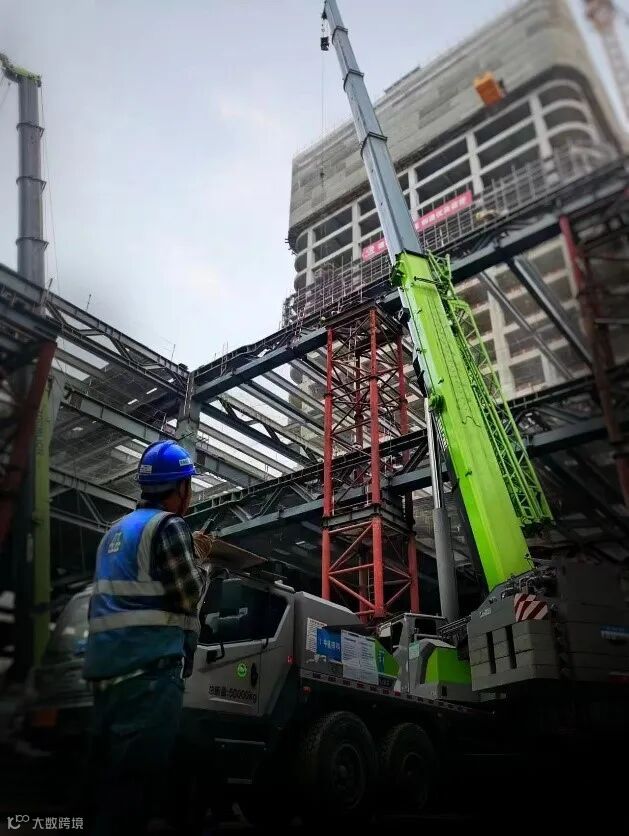 巨大的钢桁架在起重机的牵引下,缓缓升向高空
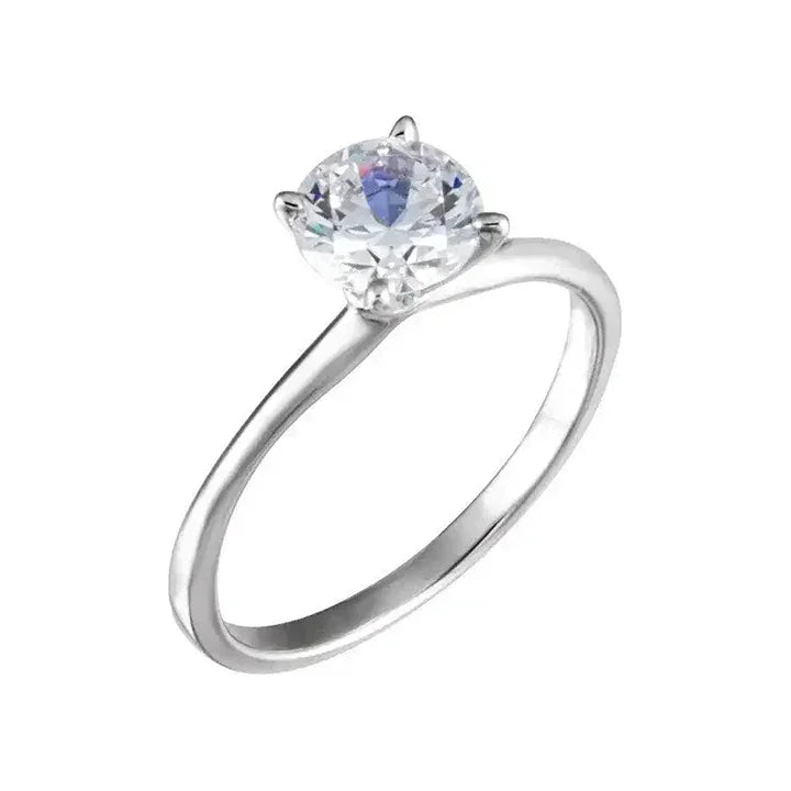 FIONA This classically beautiful yet simple engagement ring is from our line of Engagement Rings . This style has a 6.5 mm wide stone setting, which is equivalent to the size of a 1 carat diamond. Founded in 1895, Swarovski is the authority on creating the world's highest quality crystals and gemstones, which are incorporated by the biggest designers in the world of fashion and jewelry. The ring itself measures approximately 2 mm wide and has a brightly polished finish. This style can be made in 14k gold, 18k gold, Silver and Platinum. Different colors and sizes of stones are also available. The center diamond is certified for authenticity by a third-party grading laboratory and is engraved with the certificate number.
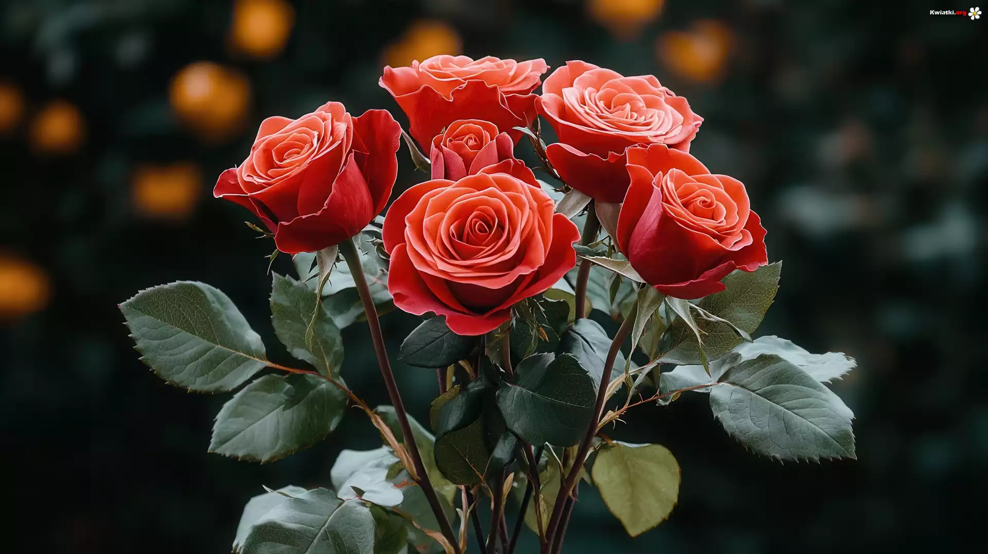 Kwiat Rozkwitające, Czerwone, Róże, Listki
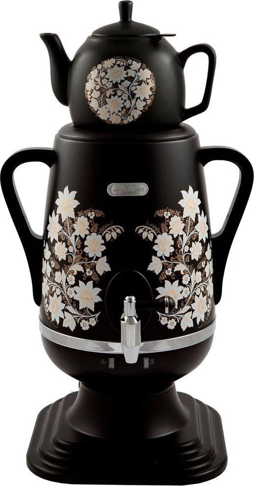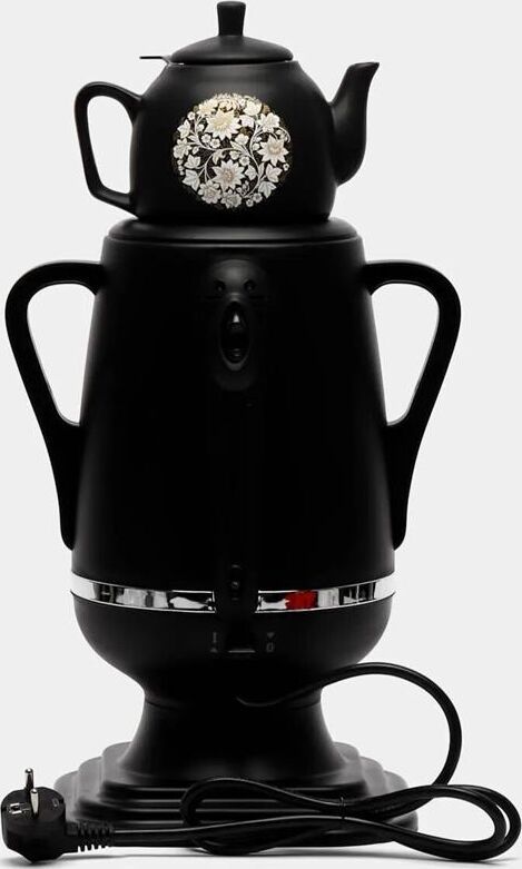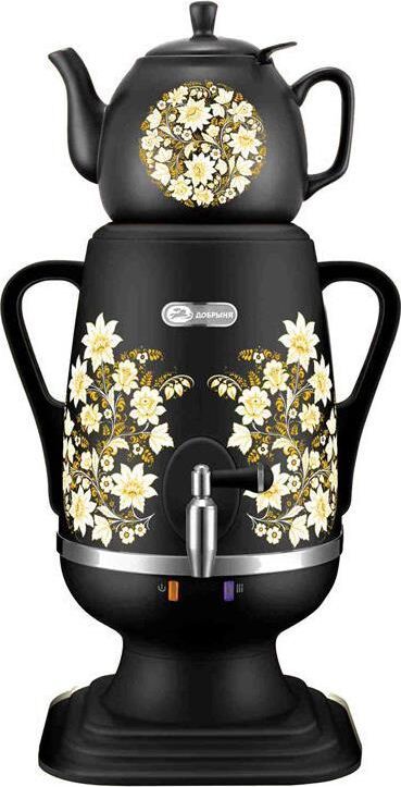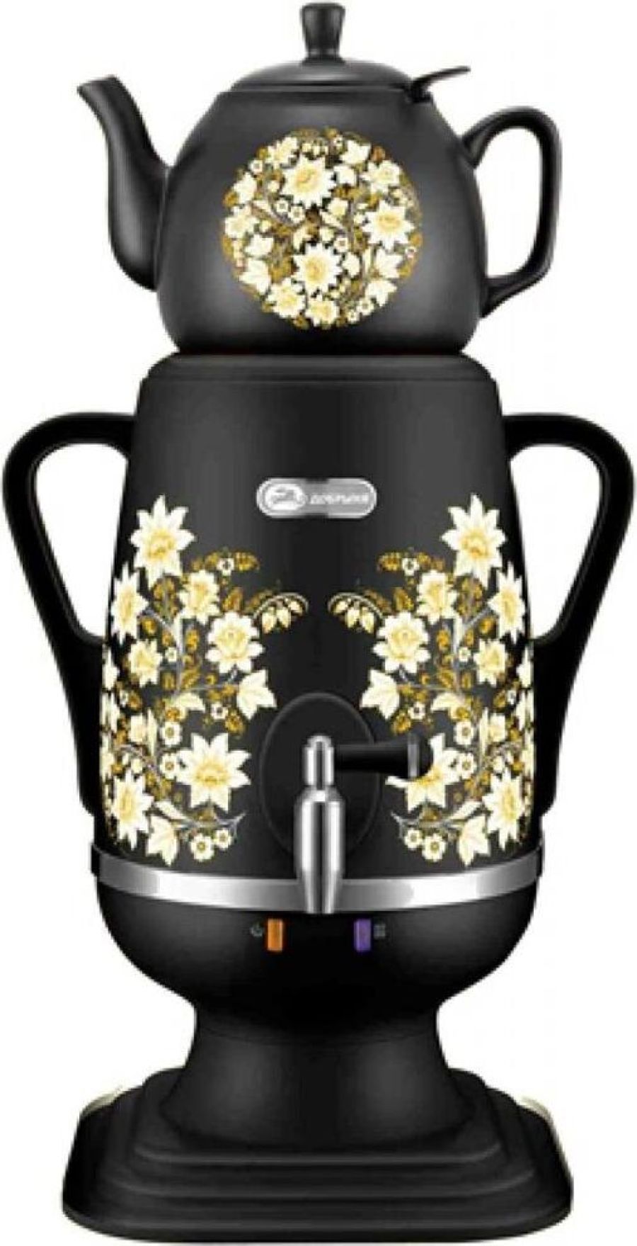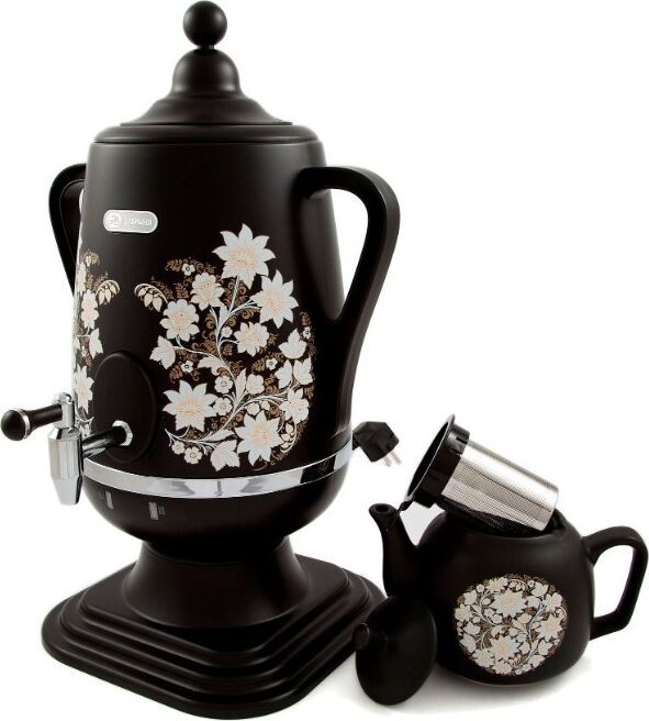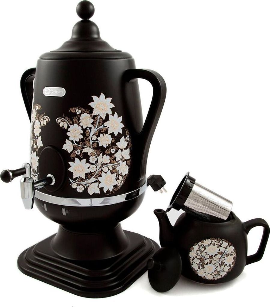 Объём: 4 л. Материал: пластик. Цвет: чёрный с росписью. Керамический заварочный чайник 1 л со съёмным фильтром из нержавеющей стали в комплекте/высота 145мм. Хромированный кран. Функция термопота. Мощность при закипании 1850 Вт. Мощность в режиме подогрева 100 Вт. Напряжение сети 220 В Дисковый нагреватель, световая индикация работы, автоматическое отключение, защита от перегрева при выкипании воды
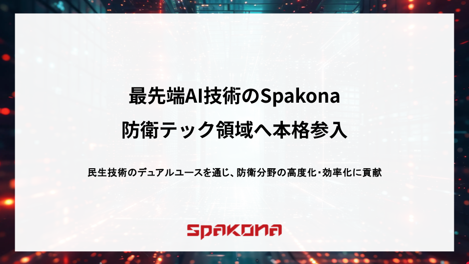 現在Spakonaは、防衛省や防衛装備庁との協業を通じ、防衛分野におけるAI技術の実証・研究開発を進めています。今後はこれらの取り組みを基盤とし、防衛分野におけるAI活用の対象領域や連携先をさらに拡大していく予定です。
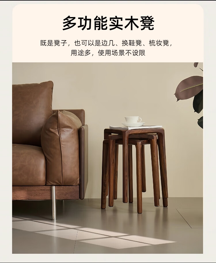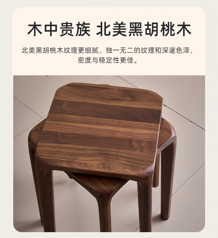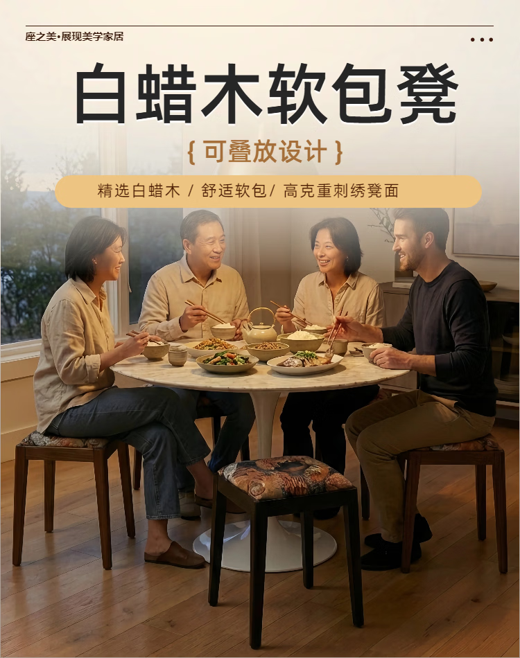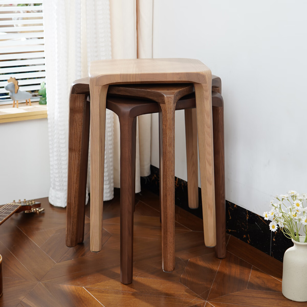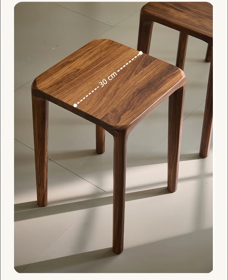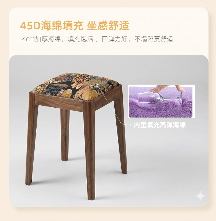 座之美实木可叠放凳子乌金木白蜡木家用加厚结实凳子软包凳45cm坐高叠凳 【软包方凳】白蜡木-黑色 | 百鸟争鸣
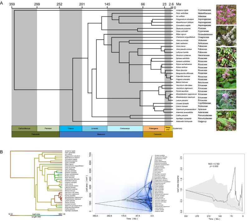 图1. 林下植被系统发育树(A)、林下植被各物种叶面积在系统发育树上的差异(B)、叶面积随地质时间的进化(C)及分异(D)
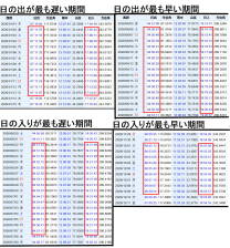 当初この「足踏み」に気づいた時は、私は日の出時刻のほうが日の入りより足踏みしやすいのではないかと思ってしまった。その原因は、上掲の表の中の「日の出が最も遅い期間」と「日の出が最も早い期間」のところだけを見ていたためであった。これら2つの表では、日の出時刻は殆ど変わらない(=足踏み)のに対して、日の入り時刻は日々変化していることが読み取れる。 しかしそれは日の入り時刻が極大、極小になる時期とはずれている。じっさい画像の下段に示す『日の入りが最も遅い期間』と『日の入りが最も早い期間』に目を向ければ日の入り時刻にも足踏み期間があることが見てとれる。 なお、最早日と最遅日が日の出及び日の入りでそれぞれ異なる理由については以前にもこの日記で取り上げたことがあるので(←あるはず)、ここでは省略する。 このほか、日の出と日の入りの定義「太陽の上端が地平線または水平線に一致する時刻」は「足踏み現象」についてはChatGPTから以下のような回答をいただいた。 定義に用いられている「太陽の上端+大気差(屈折)」は、日の出・日の入りの絶対時刻を一様にずらすだけで、「足踏み」や「目立った変化が起きる/起きない」という性質そのものには、原理的な影響はありません。 また南半球ではどうなるか?については、以下のような説明をいただいた。 「日の出と日の入りのどちらが足踏みしやすいか」という構造は、北半球・南半球で本質的に同一であり、単に“起きる月が半年ずれる”だけです。 最後に、 ●日の出の時刻と日の入りの時刻ではどちらが日々の変化に気づきやすいか? について。 ChatGPTも指摘していたが、多くの人、特に日中に学校に通ったり通勤している人たちにとっては日の入り時刻の変化のほうが気づきやすい。岡山で言えば時日の入り時刻は16時53分から19時21分のあいだで変化するので、部活や帰り道の明るさに影響を与える。いっぽう日の出時刻は04時50分から07時11分のあいだで変化するので、大概の人たちはすでに明るくなってから通勤・通学に出かけており違いを感じにくい。 |

- - -

Task details: Copy out the material above in full and exactly; its pictures are not to appear.

Reply:
 巨大的钢桁架在起重机的牵引下,缓缓升向高空
 FIONA This classically beautiful yet simple engagement ring is from our line of Engagement Rings . This style has a 6.5 mm wide stone setting, which is equivalent to the size of a 1 carat diamond. Founded in 1895, Swarovski is the authority on creating the world's highest quality crystals and gemstones, which are incorporated by the biggest designers in the world of fashion and jewelry. The ring itself measures approximately 2 mm wide and has a brightly polished finish. This style can be made in 14k gold, 18k gold, Silver and Platinum. Different colors and sizes of stones are also available. The center diamond is certified for authenticity by a third-party grading laboratory and is engraved with the certificate number.
 Kwiat Rozkwitające, Czerwone, Róże, Listki
 Объём: 4 л. Материал: пластик. Цвет: чёрный с росписью. Керамический заварочный чайник 1 л со съёмным фильтром из нержавеющей стали в комплекте/высота 145мм. Хромированный кран. Функция термопота. Мощность при закипании 1850 Вт. Мощность в режиме подогрева 100 Вт. Напряжение сети 220 В Дисковый нагреватель, световая индикация работы, автоматическое отключение, защита от перегрева при выкипании воды
 現在Spakonaは、防衛省や防衛装備庁との協業を通じ、防衛分野におけるAI技術の実証・研究開発を進めています。今後はこれらの取り組みを基盤とし、防衛分野におけるAI活用の対象領域や連携先をさらに拡大していく予定です。
 座之美实木可叠放凳子乌金木白蜡木家用加厚结实凳子软包凳45cm坐高叠凳 【软包方凳】白蜡木-黑色 | 百鸟争鸣
 图1. 林下植被系统发育树(A)、林下植被各物种叶面积在系统发育树上的差异(B)、叶面积随地质时间的进化(C)及分异(D)
 当初この「足踏み」に気づいた時は、私は日の出時刻のほうが日の入りより足踏みしやすいのではないかと思ってしまった。その原因は、上掲の表の中の「日の出が最も遅い期間」と「日の出が最も早い期間」のところだけを見ていたためであった。これら2つの表では、日の出時刻は殆ど変わらない(=足踏み)のに対して、日の入り時刻は日々変化していることが読み取れる。 しかしそれは日の入り時刻が極大、極小になる時期とはずれている。じっさい画像の下段に示す『日の入りが最も遅い期間』と『日の入りが最も早い期間』に目を向ければ日の入り時刻にも足踏み期間があることが見てとれる。 なお、最早日と最遅日が日の出及び日の入りでそれぞれ異なる理由については以前にもこの日記で取り上げたことがあるので(←あるはず)、ここでは省略する。 このほか、日の出と日の入りの定義「太陽の上端が地平線または水平線に一致する時刻」は「足踏み現象」についてはChatGPTから以下のような回答をいただいた。 定義に用いられている「太陽の上端+大気差(屈折)」は、日の出・日の入りの絶対時刻を一様にずらすだけで、「足踏み」や「目立った変化が起きる/起きない」という性質そのものには、原理的な影響はありません。 また南半球ではどうなるか?については、以下のような説明をいただいた。 「日の出と日の入りのどちらが足踏みしやすいか」という構造は、北半球・南半球で本質的に同一であり、単に“起きる月が半年ずれる”だけです。 最後に、 ●日の出の時刻と日の入りの時刻ではどちらが日々の変化に気づきやすいか? について。 ChatGPTも指摘していたが、多くの人、特に日中に学校に通ったり通勤している人たちにとっては日の入り時刻の変化のほうが気づきやすい。岡山で言えば時日の入り時刻は16時53分から19時21分のあいだで変化するので、部活や帰り道の明るさに影響を与える。いっぽう日の出時刻は04時50分から07時11分のあいだで変化するので、大概の人たちはすでに明るくなってから通勤・通学に出かけており違いを感じにくい。 |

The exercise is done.